Profiling
Overview
Teaching: 5 min
Exercises: 10 minQuestions
Basic profiling to identify the most computationally expensive parts of the code
Objectives
Profile the code with the use of GNU gprof tool
Identify the candidates for GPU optimisation
Profiling
Where to start?
This episode starts in 2_profiling/ directory. Decide if you want to work on OpenACC, OpenMP or both and follow the instructions below.
In this section we will use the GNU Gprof performance analysis tool to profile our Laplace code.

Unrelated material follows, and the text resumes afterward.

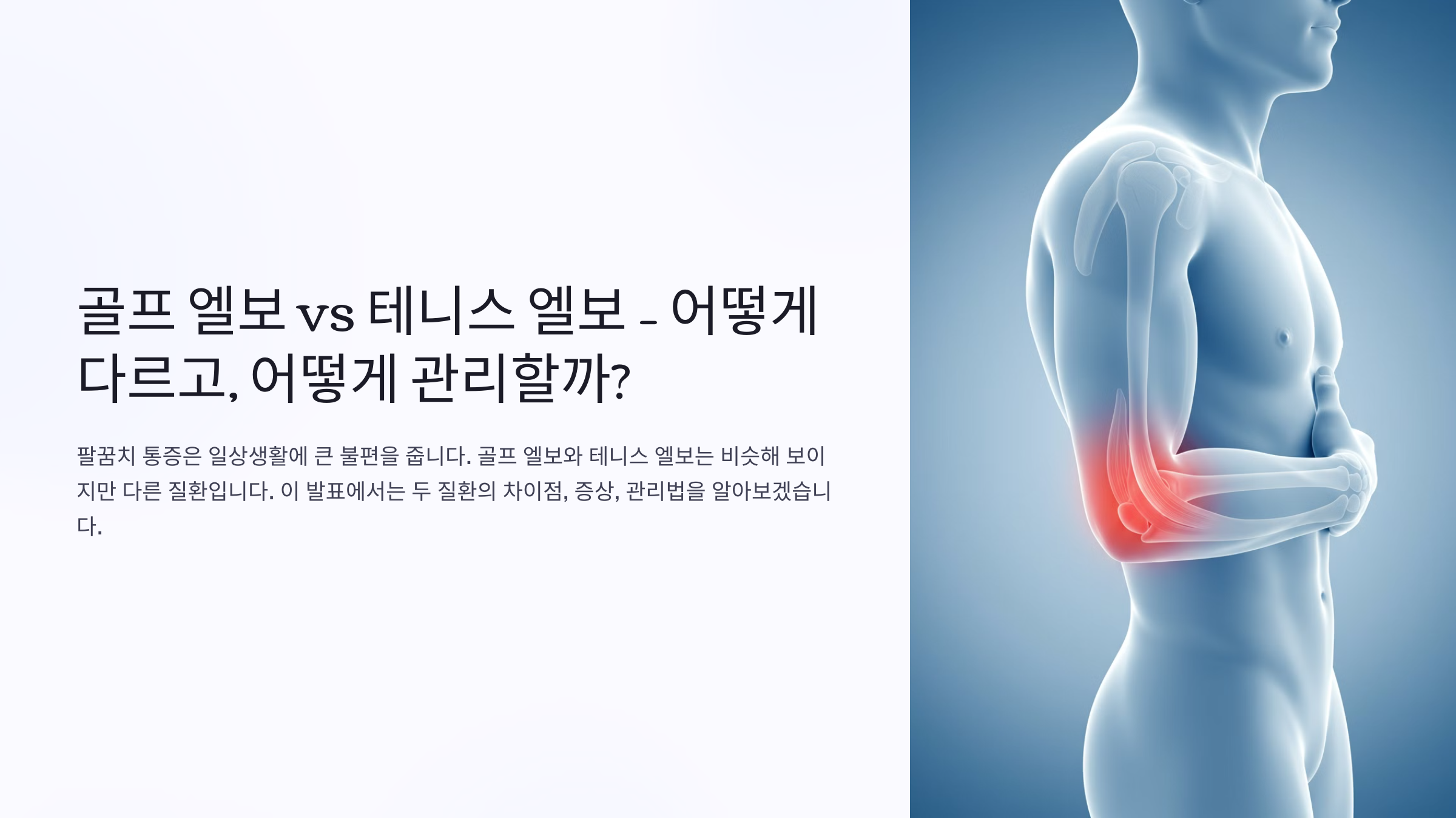 골프 엘보 vs 테니스 엘보 – 어떻게 다르고, 어떻게 관리할까?📌 목차1. 골프 엘보와 테니스 엘보, 어떻게 다른가요?2. 주요 증상 및 셀프 진단법3. 왜 생길까? 발생 원인과 고위험 행동4. 회복을 위한 실전 관리법5. 도움이 되는 스트레칭과 강화 운동6. 병원 진료가 필요한 경우7. 예방을 위한 일상 습관 루틴8. 마무리 – 팔꿈치는 ‘버텨주는 관절’입니다1. 골프 엘보와 테니스 엘보, 어떻게 다른가요?둘 다 팔꿈치 통증을 유발하는 대표적인 질환이지만, 통증이 발생하는 부위와 사용하는 근육군이 다릅니다.구분골프 엘보 (내측 상과염)테니스 엘보 (외측 상과염)통증 위치팔꿈치 안쪽 (내측)팔꿈치 바깥쪽 (외측)관련 동작물건 쥐기, 주먹 쥐고 당기기손목 젖히기, 타이핑, 젓가락질발생 원인당기는 힘 반..

First, the code needs to be compiled with -pg and -g options. This will enable the generation of line-by-line profiling information for gprof.
bash-4.2$ make -f makefile.gprof
gcc -pg -g -c -o laplace.o laplace.c
gcc -pg -g -o laplace laplace.o
Next, we will execute the Laplace code as usual.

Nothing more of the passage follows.